To stave off further decline, Peter Thiel hopes for a return of a more confident America, “a country in which we have ticker tape parades for single individuals.” E pluribus unum. If we invite them to, great persons can step forward from we the people, to lead, to teach, to give us wonders again. 

The institutions are failing. We need supremely able individuals. This is the bind national conservatism finds itself in, in the year 2021. It is not a presidential election year, or even a midterm year. It is a time for building and waiting. That means it is a time for institutions, for ideas, for policies and for plans. But in the end, all this must rest on persons, for it is individuals who can exercise power with prudence and take responsibility for the power they exercise. 

It is hard to build a team without a team captain, and for now, those sympathetic to national conservatism will have to wait for a worthy captain to present himself. In the meantime, they must do their best to become worthy to advise and assist him, and to help those leaders that are already at bat. To counter the homogenizing, networked power of an entrenched establishment, though, requires personalities who can operate levers, not just further machination. The danger is that in constructing some edifice of institutions new and old, white papers and policy briefs both innovative and time-tested, the Brahmins of national conservatism will leave too small a man-shaped hole for the parade-worthy individuals Thiel spoke about. Then when magnanimity steps forward to the call of the hour anyway, and bends their carefully laid plans to make a way large enough to enter the arena, these theorists of renewal will find themselves filled more with distaste and displeasure than energy and hope. 
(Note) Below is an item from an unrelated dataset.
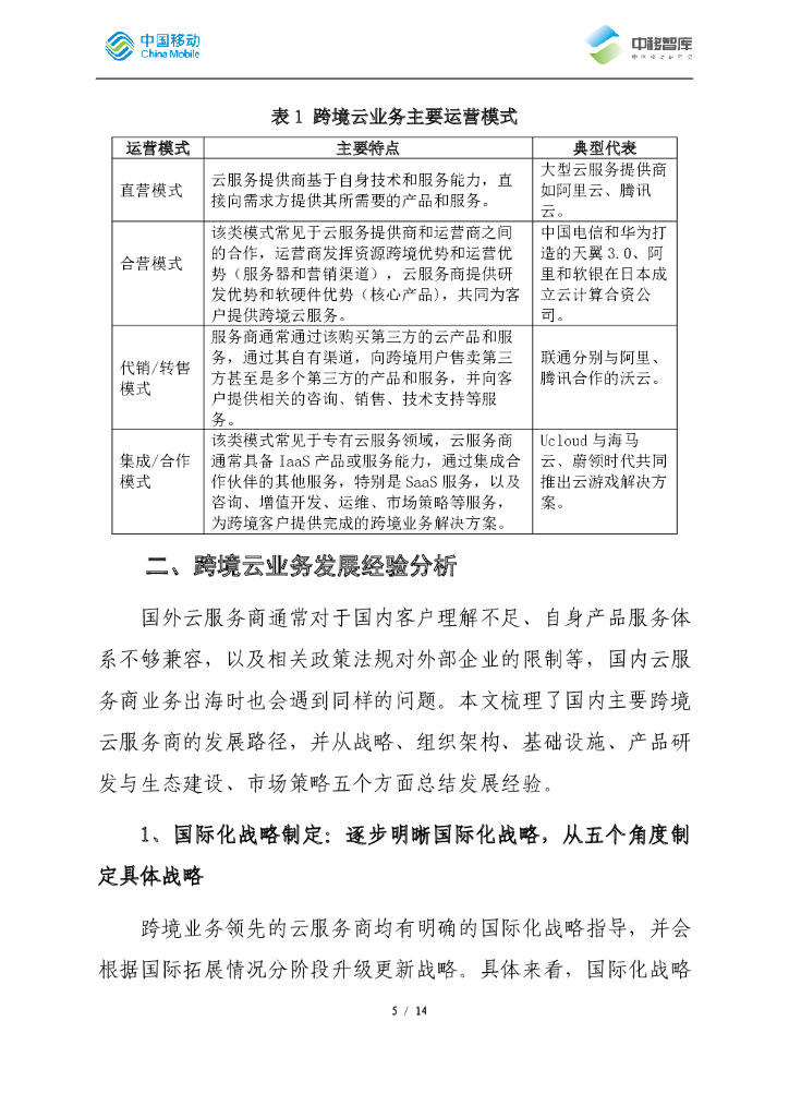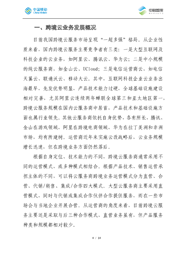 中移智库:国内云服务商跨境业务发展经验分析.pdf

If the first NatCon in the Beltway of 2019 had a more confident spirit than post-Covid Orlando, that was in large part because Donald Trump stood—strikingly light on his feet, chest protruding, arms extended wide—ready to have the robes and armor of national conservatism laid upon his shoulders and girded at his waist, fitted to him as he strode forth into a second term. Now, cast out of the White House, conservatives must look where they should have been looking already, to the states and local politics for victories and change to the status quo. 

Fortunately, there are individuals who have already answered the call, men like Chris Rufo, who has taken on the burden of providing focus and language for the revolution against critical race theory in schools and workplaces. Rufo is playing hardball, for keeps, at every level of society, and has won in corporate boardrooms as well as the Virginia governor’s mansion and public school parents meetings. He and persons like him are the future of national conservatism. It is on the institutions and wonks to ask how they can help.